Definition 10.135.6. Let $R$ be a ring. Given integers $n \geq c \geq 0$ and $f_1, \ldots , f_ c \in R[x_1, \ldots , x_ n]$ we say

$S = R[x_1, \ldots , x_ n]/(f_1, \ldots , f_ c)$

is a standard smooth algebra over $R$ if the polynomial

$g = \det \left( \begin{matrix} \partial f_1/\partial x_1 & \partial f_2/\partial x_1 & \ldots & \partial f_ c/\partial x_1 \\ \partial f_1/\partial x_2 & \partial f_2/\partial x_2 & \ldots & \partial f_ c/\partial x_2 \\ \ldots & \ldots & \ldots & \ldots \\ \partial f_1/\partial x_ c & \partial f_2/\partial x_ c & \ldots & \partial f_ c/\partial x_ c \end{matrix} \right)$

maps to an invertible element in $S$.

Comment #235 by on

As stated, this definition is not clear.

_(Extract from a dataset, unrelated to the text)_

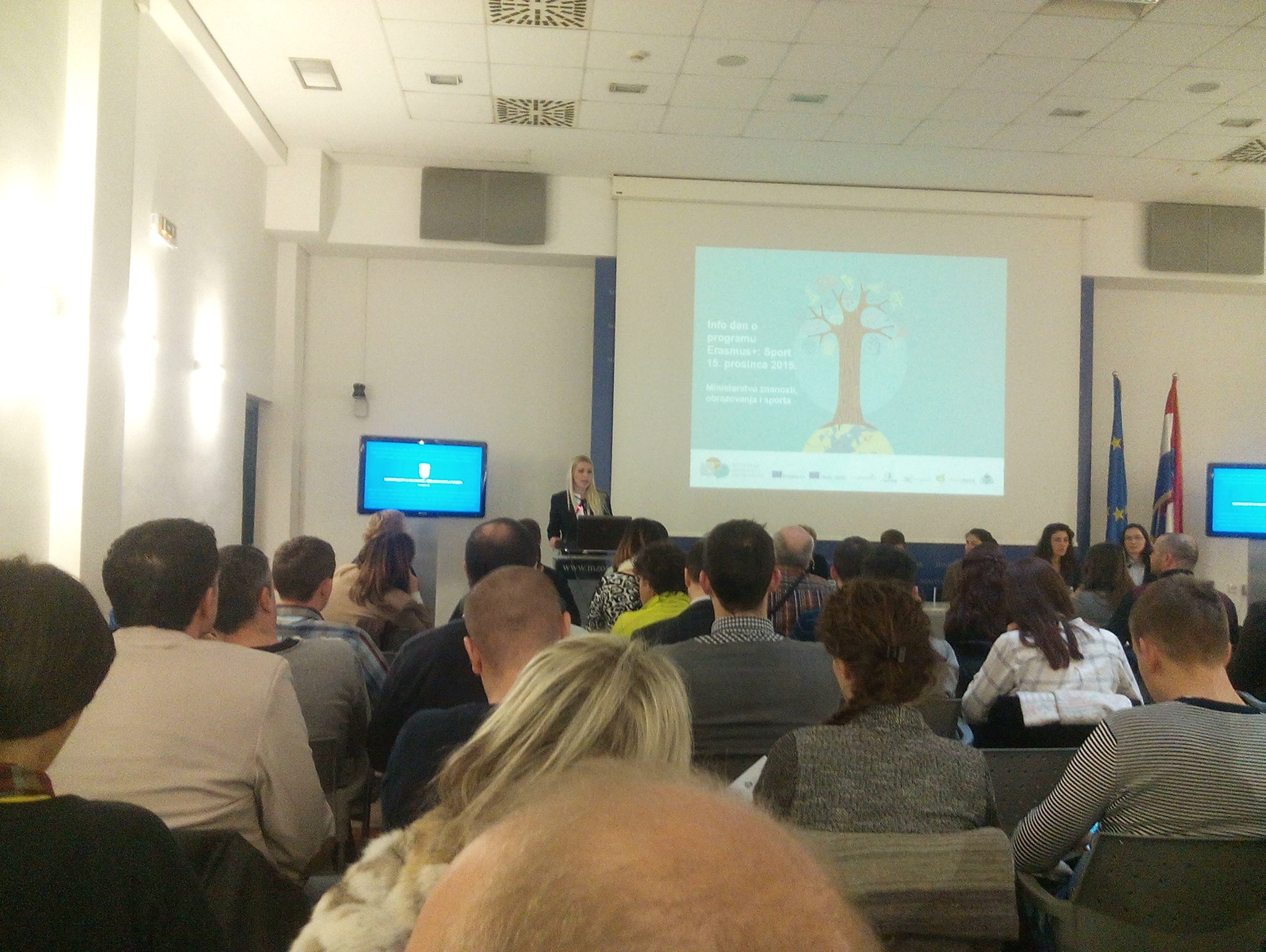 Cilj info dana bio je predstaviti mogućnosti korištenja potpora u okviru programa Erasmus+:Sport svim zainteresiranim dionicima i potencijalnim korisnicima programa u Republici Hrvatskoj.

In the presentation of $S$, there are $n$ variables and $c$ polynomials, so one should end up with a $c\times n$ matrix. Is the definition assuming that $n\geqslant c$ and then truncating the matrix $(\partial f_i/\partial x_j)$, or is it saying that all $d\times d$ minors are invertible (where $d=\min\{c,n\}$)? Or is there some convention on what the determinant of a non-square matrix means? Either way, it should be clarified.

Comment #240 by on

Hi, I agree that this is a bit vague, but I think it is not as bad as you make it out to be. Maybe a better formulation would be:

Let $R$ be a ring. Given integers $n \geq c \geq 0$ and $f_1, \ldots, f_c \in R[x_1, \ldots, x_n]$ we say is a standard smooth algebra over $R$ if the polynomial maps to an invertible element in $S$.

What do you think?

Comment #1845 by Peter Johnson on

This definition as given applies to a presentation, not to R -> S itself. Shouldn't it have "for some presentation .." or "there exists .."? This makes more sense but would of course have minor effects elsewhere.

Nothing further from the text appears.